Performance/Determinism

Since v0.6 SOL obeys framework specific determinism specifiers. Please refer to the frameworks specific options (e.g. PyTorch)

tl;dr;

For deterministic results use:

sol.config['autotune'] = False

For best performance use:

sol.config['autotune'] = True

SOL

In v0.6 SOL introduced Determinism flags. These allow to change the numerical behavior of SOL. By default, SOL obeys the numerical behavior of the AI framework. See below for information about PyTorch and TensorFlow.
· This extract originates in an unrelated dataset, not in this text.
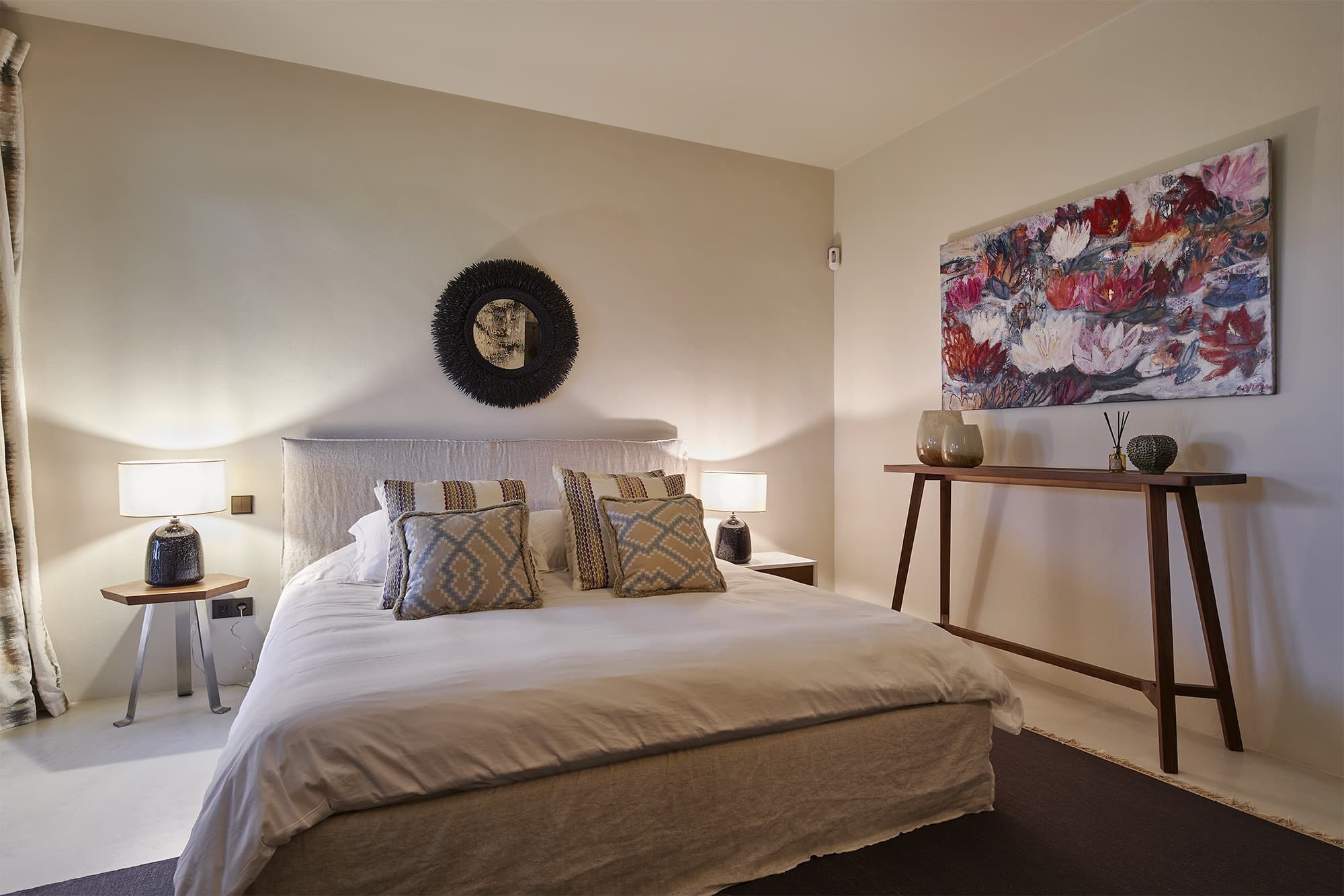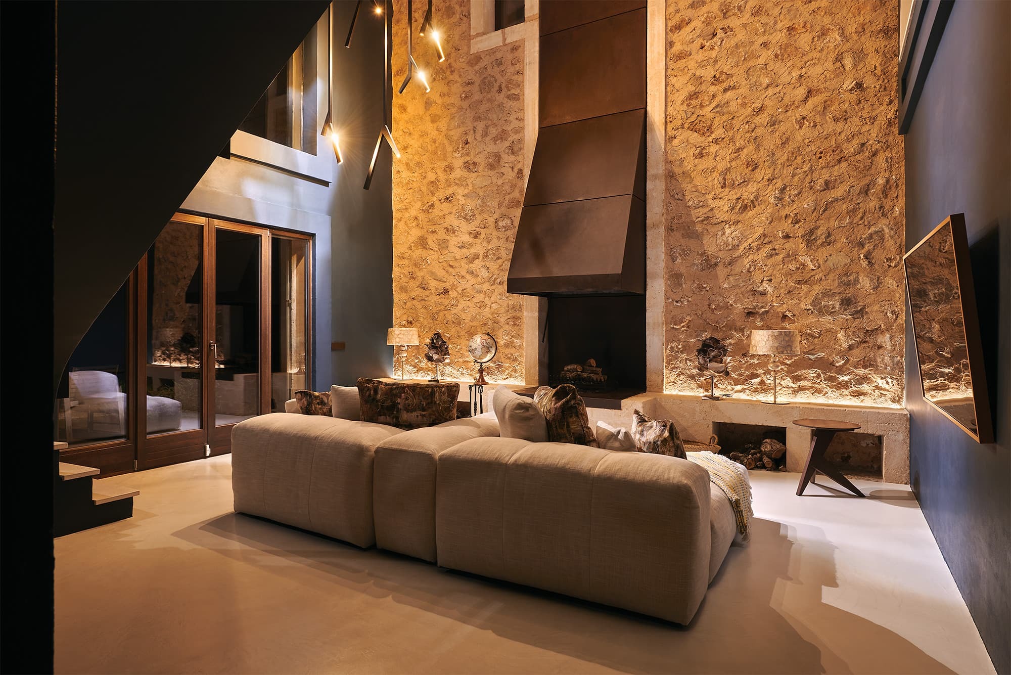 Located near Randa in the heart of Mallorca, the finca enjoys a peaceful countryside setting with panoramic views across open landscapes. Its central position allows easy access to both the island’s interior and coastline, while maintaining a strong sense of privacy and seclusion.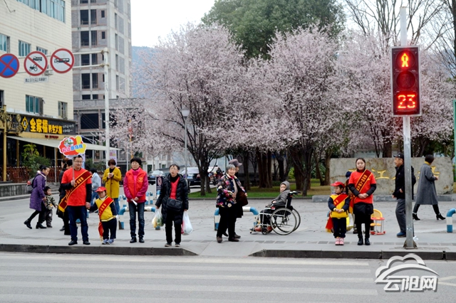 上午9时,实验幼儿园教师、家长和孩子们走进社区,开展交通文明劝导活动,向市民发放文明出行倡议书,劝导市民礼让斑马线、使用文明用语等,倡导市民养成良好的文明习惯。

If you want to modify the determinism yourself, you can pass a set, list or tuple consisting of sol.hlir.Determinism to sol.optimize(..., determinism=...) or torch.compile(..., backend='sol', determinism=...).

It’s important that you ALWAYS select one Framework type! This can have influence if certain options are obeyed or not. Not all device types support all options. Unavailable options get ignored.
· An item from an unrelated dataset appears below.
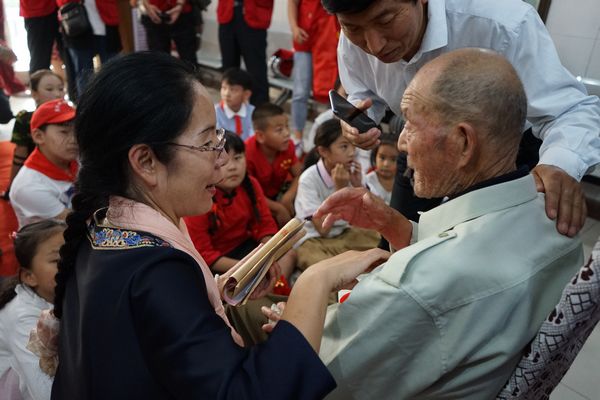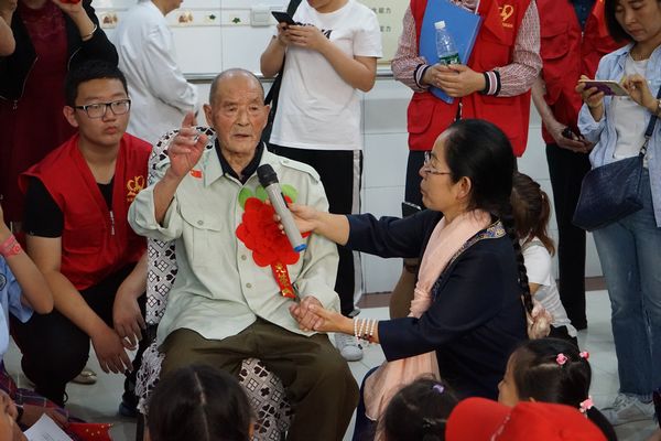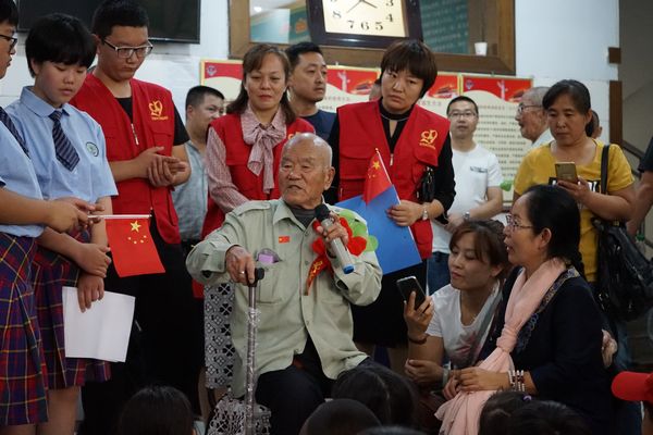 91岁的老兵向志愿者讲述自己参加解放战争的故事。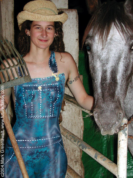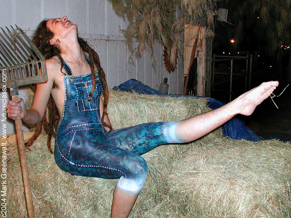 For my finale, I worked with Phoebe, a friend of Kim and a self-proclaimed bohemian girl. When she mentioned that she hadn't shaved, I mistakenly implied that she was just alluding to her pubic hair, but now I know what she meant by bohemian. I warned her that the bodypaint may be very tough to remove from body hair, but she decided to "tough" it out and we embarked on masking her for the bib overalls design. I used Reel Creations bodypaint to airbrush the base coat of light blue and after that I went back and faux finished the base coat with a much darker blue by Totally Tattoo. The painting was accented with a stenciled white stitches. For Phoebe's photoshoot we headed into the barn and set up on the bails of hay. Phoebe mentioned that she had done some modeling for art students, but I didn't anticipate how genuine she would be to work with during the shoot. She was a natural and completely "fit" the image.

Currently supported options:

Option Effect
Framework_PyTorch Sets PyTorch mode.
Framework_TensorFlow Sets TensorFlow mode.
Framework_Numpy Sets Numpy mode.
Framework_ONNX Sets ONNX mode.
GEMM_TF32 Enables to use TF32 as replacement for FP32 in GEMMs.
GEMM_FP16 Enables to use FP16 accumulators in FP16 GEMMs.
GEMM_BF16 Enables to use BF16 accumulators in BF16 GEMMs.
GEMM_BF16_2x RESERVED
Conv_Benchmark Enables Conv benchmarking.
Conv_TF32 Enables TF32 as replacement for FP32 in Conv.
Conv_Nondeterministic Enables non-deterministic Conv implementations.

PyTorch

For deterministic results use:

torch.backends.cudnn.benchmark = False
torch.backends.cudnn.deterministic = True
torch.backends.cudnn.allow_tf32 = False
torch.set_float32_matmul_precision("highest")
torch.backends.cuda.matmul.allow_tf32 = False
torch.backends.cuda.matmul.allow_fp16_reduced_precision_reduction = False
torch.backends.cuda.matmul.allow_bf16_reduced_precision_reduction = False

For best performance use:

torch.backends.cudnn.benchmark = True
torch.backends.cudnn.deterministic = False
torch.backends.cudnn.allow_tf32 = True
torch.set_float32_matmul_precision("lowest")
torch.backends.cuda.matmul.allow_tf32 = True
torch.backends.cuda.matmul.allow_fp16_reduced_precision_reduction = True
torch.backends.cuda.matmul.allow_bf16_reduced_precision_reduction = True

More information about PyTorch’s numerical accuracy options can be found here.

TensorFlow

SOL obeys the tf.config.experimental.enable_tensor_float32_execution option.